> **Raw data**
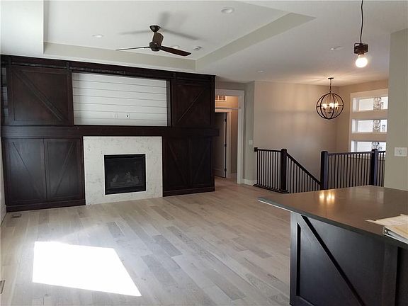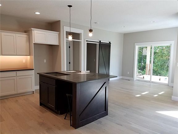 Perfect walk out ranch plan nestled up to timber. Open plan, great sized living room, convenient 1/2 bath, open stair case to the LL. Kitchen has a beautiful center island, abundant cabinets, SS upgraded appliances, pantry, dinette area open to the covered deck. Private master suite backing to the trees, walk-in closet and tile shower, dual vanity, ceiling fan, separate toilet room and beautiful lighting, open to the laundry room. Mudroom with lockers at the 3 car garage entry. Second and third bedrooms are on opposite side of home with a full bath and dual vanity. Barn doors, awesome executive finishes through out, private lot with full sod and more. Come take a look at all of Metro Homes, or just check out this new development with a private lake, walking paths and lots of timber. Many home sites to choose from - Live, work and play in this wonderful area, 15 minutes to downtown for an easy commute and don't forget 5 year tax abatement!!
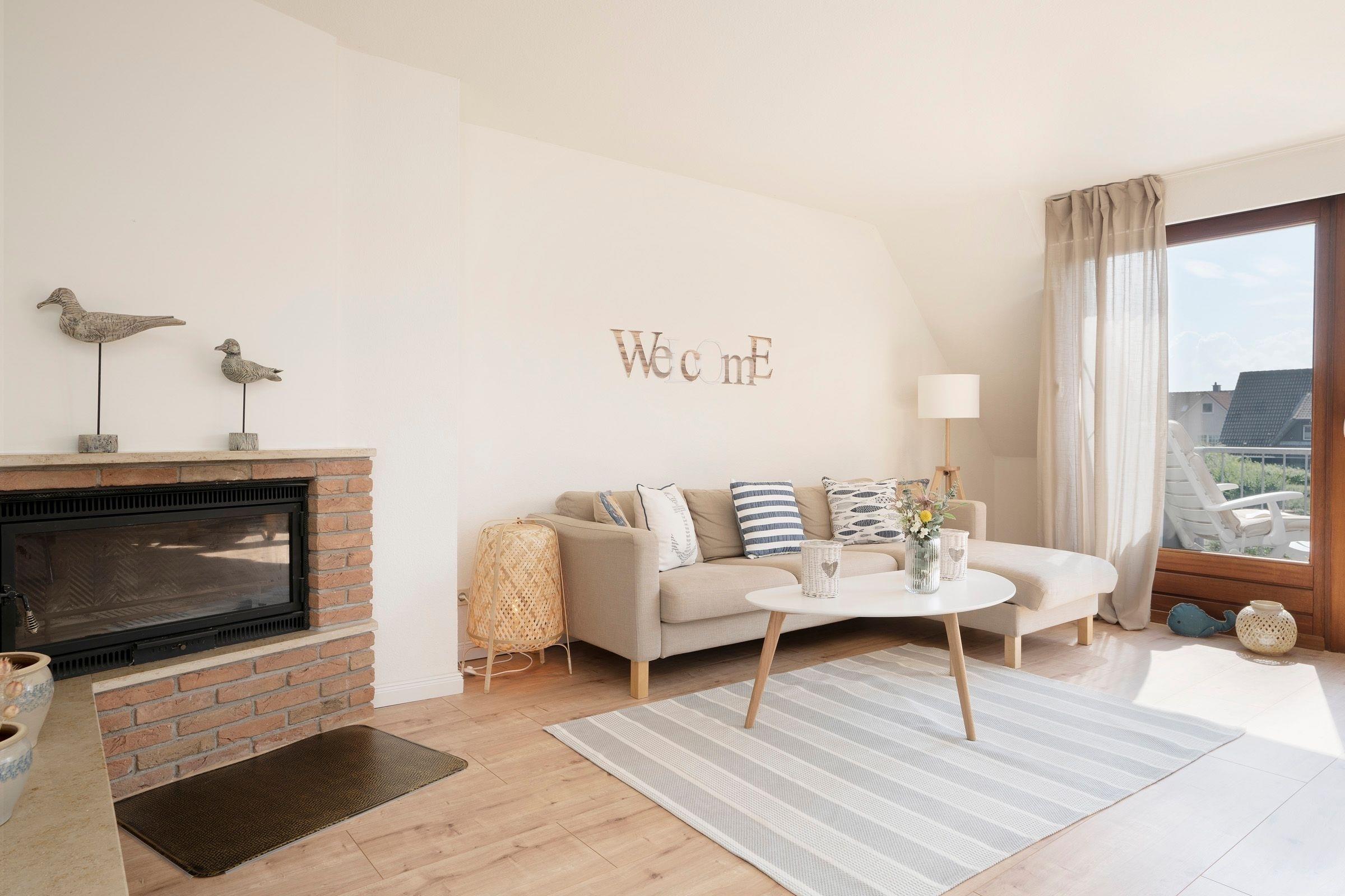 Im offenen Galeriebereich im Obergeschoss befindet sich die offene Küche und der Wohnbereich - von hier aus erreichen Sie den Balkon mit Süd-Ausrichtung. Nehmen Sie Platz auf dem Ecksofa oder an dem großen Esstisch und genießen Sie das knisternde Feuer und die wohlige Wärme des Kamins.
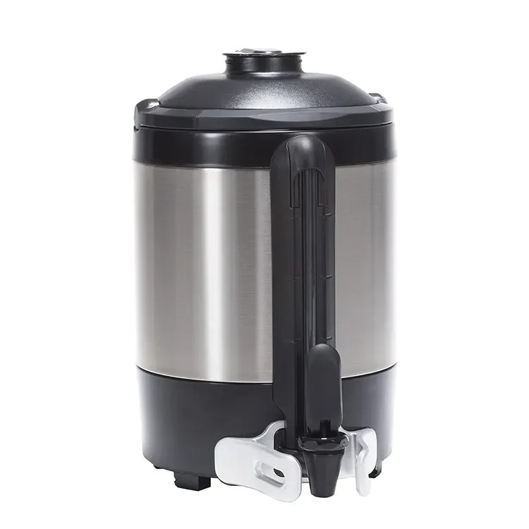 Boost functionality with quality tools like the Bunn 44050.0250 Thermal Server, Brew-Thru. Designed for commercial restaurant use, this server is a game-changer in the world of coffee service. With its 1-1/2 gallon capacity and lever action dispensing, it ensures a fast and efficient flow of hot beverages. The brew-through lid allows for easy brewing and the mechanical sight gauge lets you keep track of the liquid level. The portable design, complete with a soft-grip bail handle, makes it easy to transport and serve customers wherever they may be. The vacuum insulated stainless steel liner keeps beverages hot for longer periods, while the aluminum faucet guard adds durability. Compatible with both twin and single Infusion Series brewers, this NSF-certified server is a must-have for any commercial restaurant looking to elevate their coffee service.
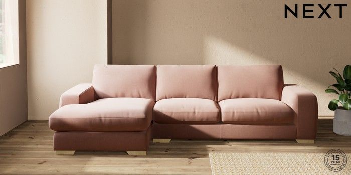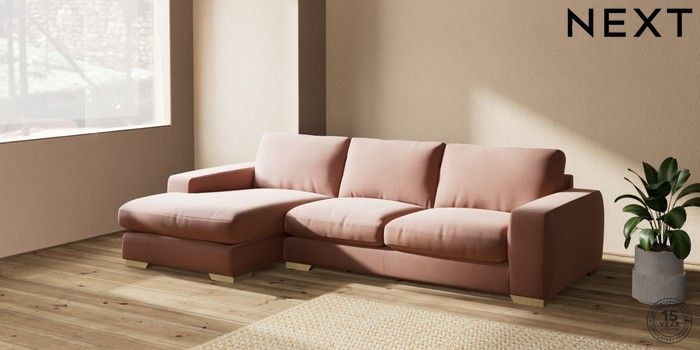 7.2.10 Houghton Deep Relaxed Sit Sofa Chaise Bed - Left Hand Relaxed Linen Look Light Rust Brown Large Square Angle - Light | Made Click here to use our website with more accessibility support, for example screen readers
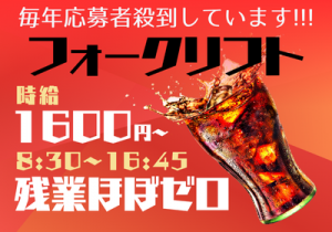 8:30~16:45ほぼ定時退社/フォークリフト免許が必要です/ドリンク飲み放題/年間休日130日

> **Problem statement**
Would you retype all the material above exactly, apart from its pictures?

> **Written solution**
 Perfect walk out ranch plan nestled up to timber. Open plan, great sized living room, convenient 1/2 bath, open stair case to the LL. Kitchen has a beautiful center island, abundant cabinets, SS upgraded appliances, pantry, dinette area open to the covered deck. Private master suite backing to the trees, walk-in closet and tile shower, dual vanity, ceiling fan, separate toilet room and beautiful lighting, open to the laundry room. Mudroom with lockers at the 3 car garage entry. Second and third bedrooms are on opposite side of home with a full bath and dual vanity. Barn doors, awesome executive finishes through out, private lot with full sod and more. Come take a look at all of Metro Homes, or just check out this new development with a private lake, walking paths and lots of timber. Many home sites to choose from - Live, work and play in this wonderful area, 15 minutes to downtown for an easy commute and don't forget 5 year tax abatement!!
 Im offenen Galeriebereich im Obergeschoss befindet sich die offene Küche und der Wohnbereich - von hier aus erreichen Sie den Balkon mit Süd-Ausrichtung. Nehmen Sie Platz auf dem Ecksofa oder an dem großen Esstisch und genießen Sie das knisternde Feuer und die wohlige Wärme des Kamins.
 Boost functionality with quality tools like the Bunn 44050.0250 Thermal Server, Brew-Thru. Designed for commercial restaurant use, this server is a game-changer in the world of coffee service. With its 1-1/2 gallon capacity and lever action dispensing, it ensures a fast and efficient flow of hot beverages. The brew-through lid allows for easy brewing and the mechanical sight gauge lets you keep track of the liquid level. The portable design, complete with a soft-grip bail handle, makes it easy to transport and serve customers wherever they may be. The vacuum insulated stainless steel liner keeps beverages hot for longer periods, while the aluminum faucet guard adds durability. Compatible with both twin and single Infusion Series brewers, this NSF-certified server is a must-have for any commercial restaurant looking to elevate their coffee service.
 7.2.10 Houghton Deep Relaxed Sit Sofa Chaise Bed - Left Hand Relaxed Linen Look Light Rust Brown Large Square Angle - Light | Made Click here to use our website with more accessibility support, for example screen readers
 8:30~16:45ほぼ定時退社/フォークリフト免許が必要です/ドリンク飲み放題/年間休日130日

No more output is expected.